“Matteus vice-campeão do BBB 24: ‘o Rio Grande do Rio Grande’ – Com seu jeito simples, autêntico, família e agregador, vice-campeão do BBB não ajudou apenas a ‘melhorar’ a imagem do homem gaúcho, tido como machista, grosso. Mas tornou-se um exemplo de brasileiro, de ser humano”.
E assim se iniciava a matéria, assinada pelo também gaúcho Giovani Grizotti, veiculada no G1 em 17/04/2024, que deitou só elogios ao comportamento do brother durante a edição deste ano.
O neurologista americano Robert Sapolsky, professor na Universidade de Stanford, tem uma ideia polêmica. Ele defende que o livre-arbítrio não existe. Que o conceito, cuja base é a capacidade de tomarmos decisões sem qualquer influência, é uma ilusão, porque somos frutos da nossa genética e do ambiente. Somos o resultado do que veio antes de nós e do que aconteceu conosco desde que nascemos.

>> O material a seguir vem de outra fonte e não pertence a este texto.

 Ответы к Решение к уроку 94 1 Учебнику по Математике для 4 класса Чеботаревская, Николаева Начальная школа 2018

Considerando essa perspectiva poderíamos tentar entender o porquê de Matteus Amaral, 27 anos, ter burlado a sua entrada na universidade utilizando-se do sistema de cotas para pessoas afrodescendentes, fato descoberto por internautas na semana passada. Talvez não o condenar de ofício pelo menos. Foi então que ele se defendeu: “Outra pessoa que fez a minha inscrição”, disse, explicitando de forma mais contundente o seu caráter. Tivesse sido feito por um terceiro, e tendo conhecimento do erro, poderia ter declinado da vaga. Mas usufruiu. Sem culpa.

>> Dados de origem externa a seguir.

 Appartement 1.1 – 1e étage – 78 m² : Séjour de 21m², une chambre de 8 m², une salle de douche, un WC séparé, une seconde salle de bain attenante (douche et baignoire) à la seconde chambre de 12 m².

Sapolsky é controverso. Aceitar plenamente seus argumentos seria decretar a descrença na humanidade, e jogar pelo ralo todo o arcabouço filosófico e moral da civilização ocidental em troca dos neurônios e das circunstâncias. Nossos monstros poderiam ser libertados das amarras e sair a dançar na festa das Bestas.

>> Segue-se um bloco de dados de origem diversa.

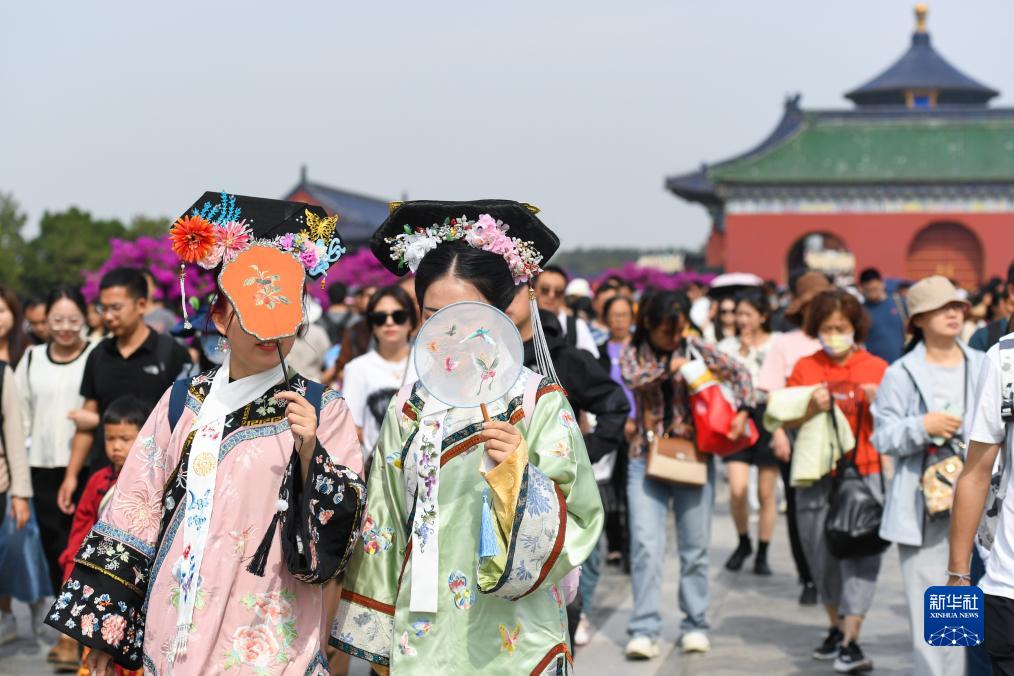 當日正值國慶假期,在北京天壇公園,來自各地的游客在這里參觀游覽。

Não que as Bestas não estejam entre nós. Matteus (apoiado por sua mãe) não está só. Temo que boa parte das pessoas só condena os tiradores de vantagens pegos com a calça na mão por inveja. Diante de uma oportunidade, fariam o igual. É o mesmo princípio do ‘achado não é roubado’.
Fato é que líderes comunitários gaúchos estão sendo processados por desvios de doações para as vítimas das enchentes. Que vereadores e outros políticos foram pegos nos desvios e se defenderam como se tivessem a razão ao seu lado: “Peguei para distribuir aos meus eleitores atingidos”. E nem falamos dos outros, dos saqueadores de casas abandonadas, dos comerciantes que aumentaram preços de produtos escassos, como água e gasolina, das bombas de água afogadas… E a fila anda.
Sílvia Marcuzzo, aqui na Sler, já recomendou que a gauchada desça do pedestal e caia na real. E eu remendo: ao invés de levar a sério o hino estadual mais ufanista do Brasil, é hora de os gaúchos pensarem em buscar façanhas em terras alheias que lhes sirvam de modelo a sua terra, devastada econômica – pela enchente – e moralmente, depois que o gaúcho, “exemplo de brasileiro, de ser humano”, ficou nu em praça pública, sem o disfarce.